INTERVIEWS, REVIEWS & RELATED ARTICLES
Gramophone JUNE 2016 - by Peter Quantrill
ERIK SATIE: ECCENTRIC, REVOLUTIONARY, UTTERLY UNIQUE
The Frenchman drew on ancient chant, music hall and jazz in music that reflected the sound of Paris during La Belle Époque and the Roaring Twenties yet that remained distinctly his own. Exactly one hundred and fifty years after the composer's birth, Peter Quantrill explores Satie's trailblazing genius.

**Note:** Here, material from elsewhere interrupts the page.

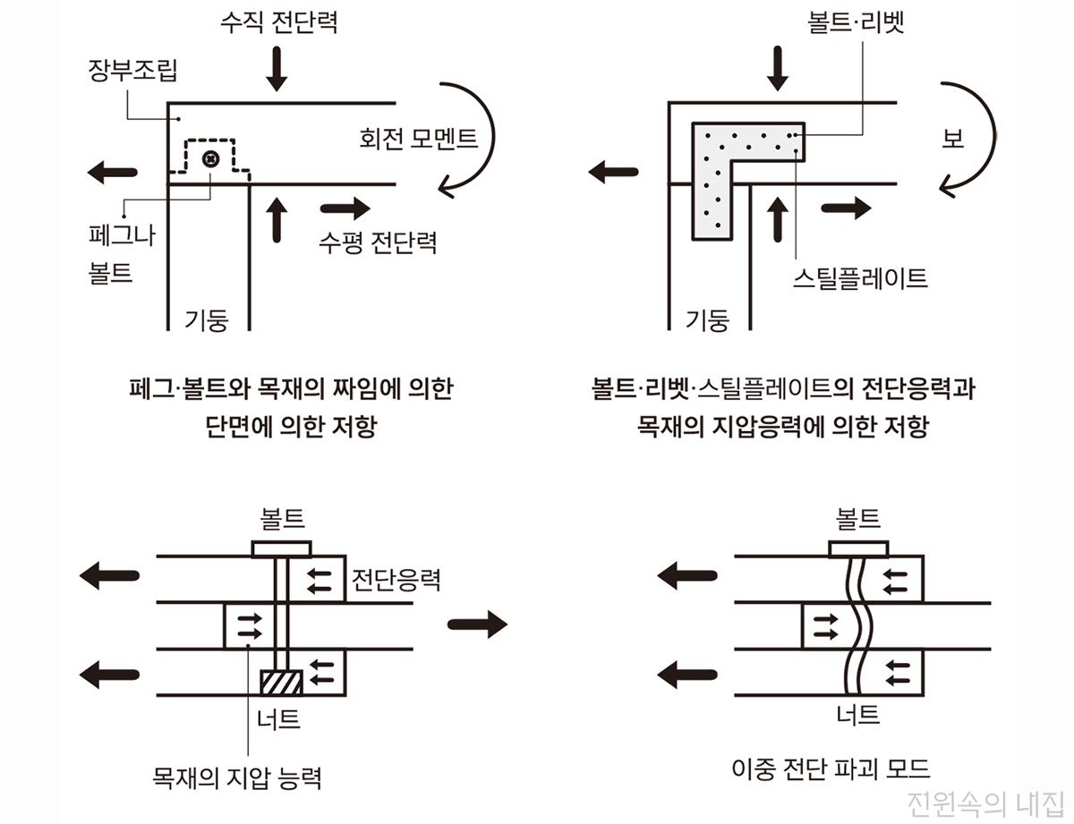 [그림 4]는 경골목구조의 간단한 못박기 원리이지만 역학의 기본인 인장력, 압축력, 전단력, 휨모멘트가 모두 반영되어 있다. 못 박는 원리 또한 하중(작용)에 대한 못의 전단응력과 목재의 지압응력(반작용)으로 저항한다.

Could there be more to Satie than music for piano students and TV commercials? Just how seriously should we take Satie? Very seriously, according to Noriko Ogawa. "His pieces are like charcoal sketches for the oils that came afterwards," says the pianist, who has embarked on recording the complete piano music for BIS, a century and a half after Satie's birth in Honfleur. "I can hear so clearly, this is Messiaen, and here is Poulenc, and Ravel must have heard this. I now take him as a visionary. He was not successful in his lifetime, but he left so many ideas which came true."

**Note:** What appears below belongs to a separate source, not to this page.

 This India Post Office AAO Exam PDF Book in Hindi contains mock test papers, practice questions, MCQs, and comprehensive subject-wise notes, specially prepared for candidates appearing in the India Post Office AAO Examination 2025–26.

With his career, as with his works themselves, the concept of development has no meaning. When Satie owned hardly more than a piano and the clothes he stood up in, he wrote the sequence of three Gymnopédies (begun in 1888) and seven Gnossiennes for which he is still best known today, as well as two religiously themed theatrical scores which have been almost completely forgotten. Once earning a little money as a cabaret artist, he composed Le Piccadilly and arranged songs such as Je Te Veux. Having been "rediscovered" by Ravel in 1911 and become an ornament of the fashionable salons, he wrote the descriptively texted piano music to be relished first and foremost by the performer. Taken up by Parisian ballet companies late in life, he returned to music for the stage with Parade (1917), and Mercure and Relâche (both 1924).

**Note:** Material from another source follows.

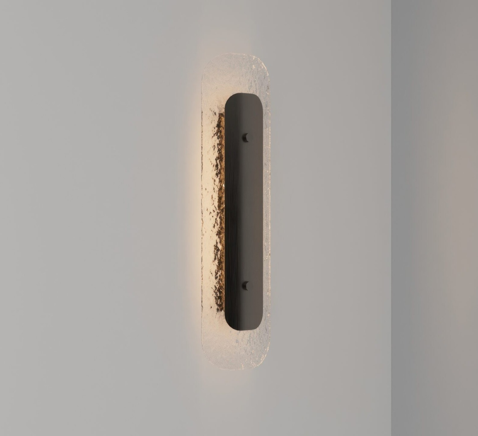 Son diffuseur en verre clair façonné au four laisse filtrer une lumière douce et nuancée, mise en valeur par une structure métallique délicatement incurvée à la finition patinée. Cette composition allongée et sculpturale joue subtilement avec les ombres, créant une présence élégante et presque architecturale sur le mur. La finition bronze antique apporte une touche de luxe discret, faisant de Contour un luminaire à la fois raffiné et intemporel.

Where did Satie's music come from? The answer is not a straightforward list of people and power figures. Ancient Greek modes and Gregorian chant chart the impassive flow of the four Ogives (published in 1889) and much of the early piano music leading up to and through 1893, when he briefly submitted himself as a disciple of Joséphin Péladan, the art critic, author and occultist who founded the Mystic Order of the Rose+Croix. In her new study Erik Satie: A Parisian Composer And His World, Caroline Potter shows how the barrel-organ tunes played on Montmartre's streets were absorbed within the jerky, quasi-mechanical repetition of many works from the Jack In The Box pantomime (1899) through the piano suite Descriptions Automatiques (1913) to the absurdist humour of Relâche for the Ballets Suédois.
By the time of his trio of late ballets, Satie had incorporated the worlds of music hall and jazz within an idiom that did not so much develop as expand to take in Dada, surrealism and the wild gale of ideas blowing through Paris, capital of the artistic world at the time. Much of his music proceeds at walking pace, just as he did. Putting one foot in front of the other was as important for him as it had been for Wordsworth.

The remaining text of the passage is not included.